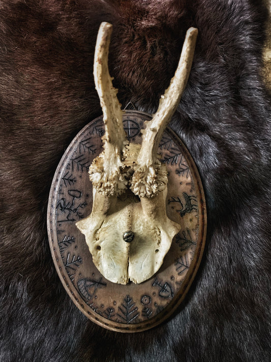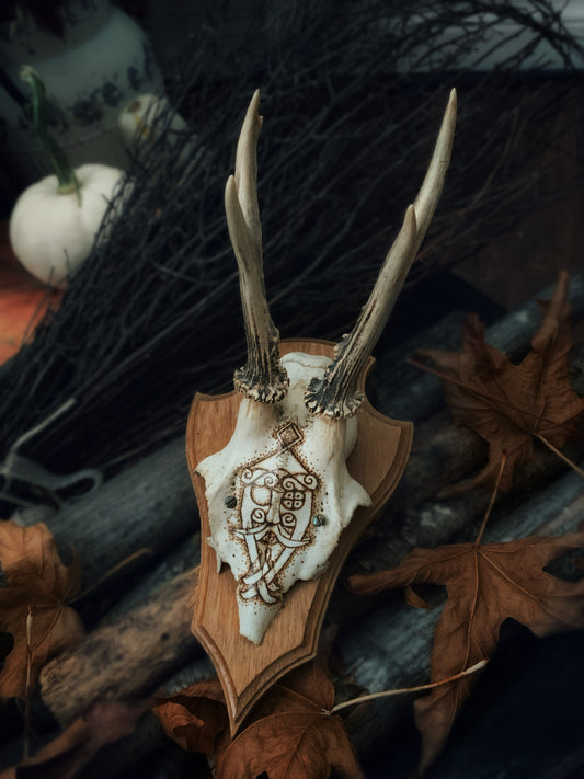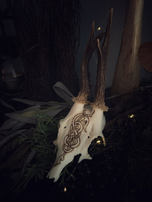 Sold outUrnes Wyrm Deer Antler Partial Skull
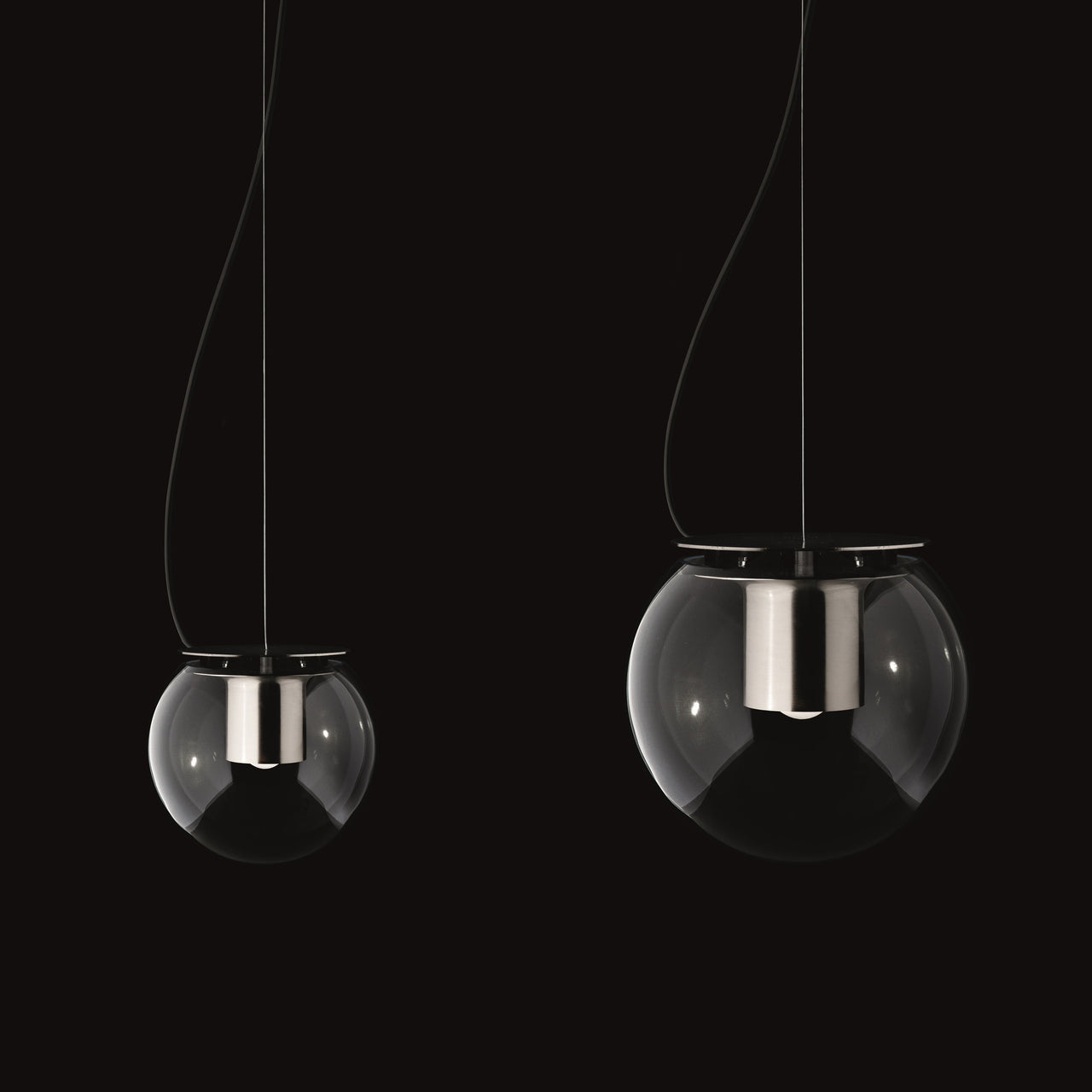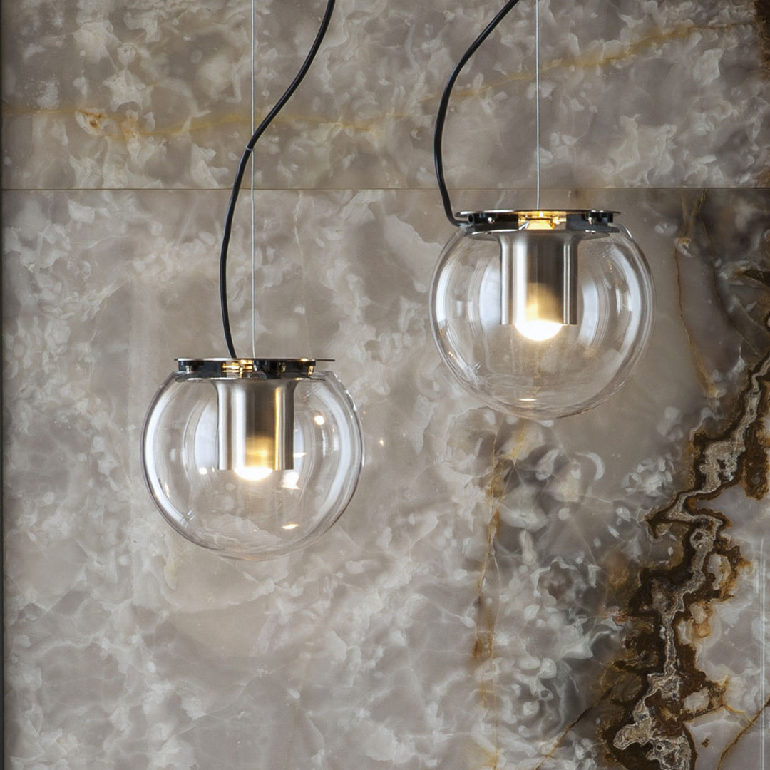 The Globe Suspension Lamp features a transparent blown-glass sphere encasing a cylindrical metal reflector, which provides both direct and diffused light. Available in satin nickel or satin gold finishes, the Globe’s minimalist design emphasizes pure geometric shapes that elevate any room's ambiance. Its suspended design is ideal for adding a sophisticated focal point to dining areas, living spaces, or entryways, embodying Colombo's iconic Italian design legacy.
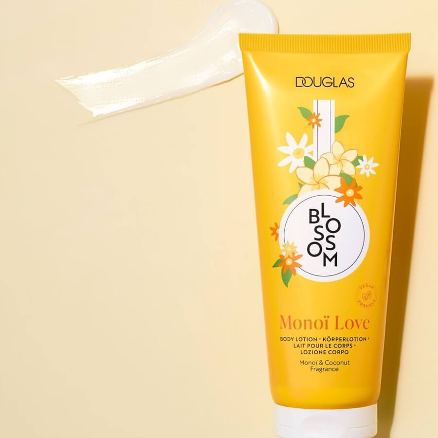Losjon za telo Monoï Love iz linije Douglas Blossom vnese pozitivno energijo v vašo nego kože. Njegova kremasta, mlečna tekstura se vpije v kožo in pusti prijeten občutek. Obogaten s hranljivimi sestavinami losjon kožo navlaži in ji podari neprimerljivo mehkobo. Losjon za telo diši po monoï olju, pridobljenem iz cvetov tiaré, in kokosu. Embalaža, okrašena s cvetličnimi motivi v poletni rumeni barvi, slavi raznolikost rastlinskega sveta in dviguje razpoloženje.
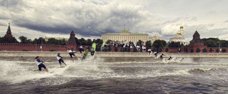 Прохожих, которые ранним утром проходили по Кремлевской набережной, где еще не успели разобрать трибуны после проходившего в выходные Moscow City Racing, ждало новое шоу. По Москва-реке с ревом носился катер MasterCraft, – такой же, как и на главных мировых соревнованиях по вейкбордингу, а за ним летал по волнам, выполняя невероятные трюки, вейкбордист в белом жилете. Девятикратный чемпион России и призер мировых чемпионатов Никита Мартьянов стал главным героем нового проекта Red Bull Kremlin Wake. Пожалуй, впервые в России для съемок спортивного события использовалось такое количество профессиональной техники, включая камеру высокого разрешения Red Epic и камеру Phantom, способную снимать до 20 000 кадров в секунду.
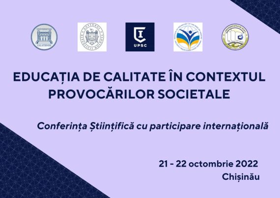 Vineri, 21 octombrie 2022, Universitatea Pedagogică de Stat „Ion Creangă” din Chișinău va fi gazda Conferinței Științifice cu Participare Internațională cu genericul „EDUCAȚIA DE CALITATE ÎN CONTEXTUL PROVOCĂRILOR SOCIETALE”. Conferința este organizată şi desfăşurată cu prezență fizică și online în contextul parteneriatelor: Ministerul Educaţiei şi Cercetării al Republicii Moldova, Universitatea […]
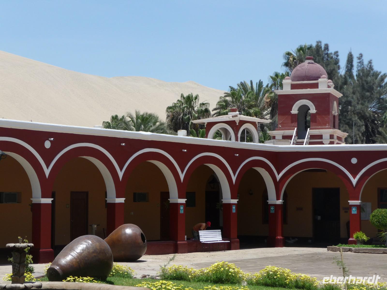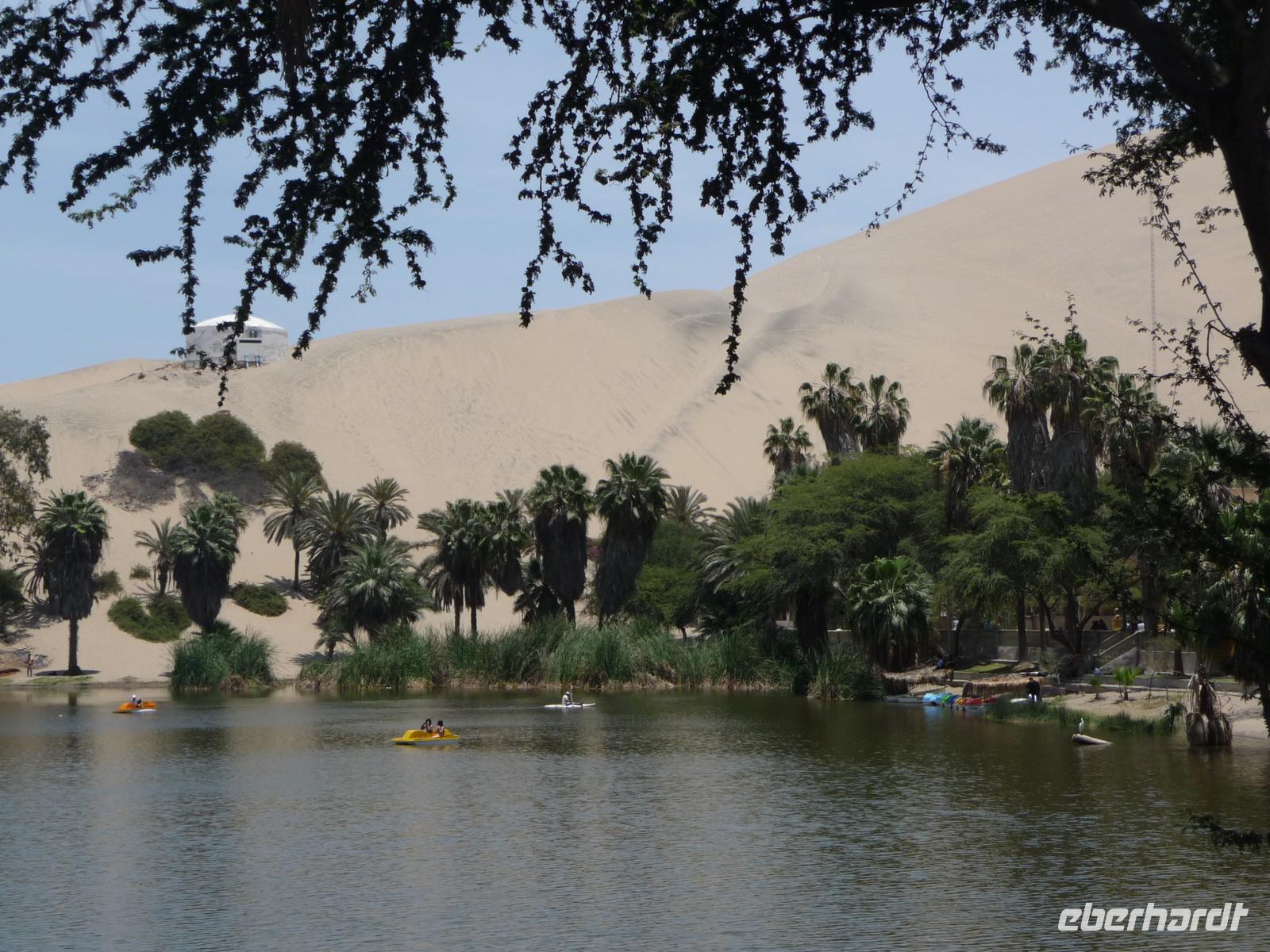 In der Oase Huacachina, die umgeben von Palmen und riesigen Sanddünen ist, bekommen wir einige Erklärungen von unserer Reiseleiterin Margarita und dann lassen wir uns kurz durch den Ort treiben. Viel Zeit bleibt uns nicht, da wir in Nazca auf dem Flughafen erwartet werden. Das Wetter soll umschwenken und es wird Wind vorhergesagt.
********************
Nothing but an exact copy belongs in the answer: the lines from the top of the records through the line containing "The Globe Suspension", minus the pictures.

• **EXERCISE ANSWER**:
 Sold outUrnes Wyrm Deer Antler Partial Skull
 The Globe Suspension Lamp features a transparent blown-glass sphere encasing a cylindrical metal reflector, which provides both direct and diffused light. Available in satin nickel or satin gold finishes, the Globe’s minimalist design emphasizes pure geometric shapes that elevate any room's ambiance. Its suspended design is ideal for adding a sophisticated focal point to dining areas, living spaces, or entryways, embodying Colombo's iconic Italian design legacy.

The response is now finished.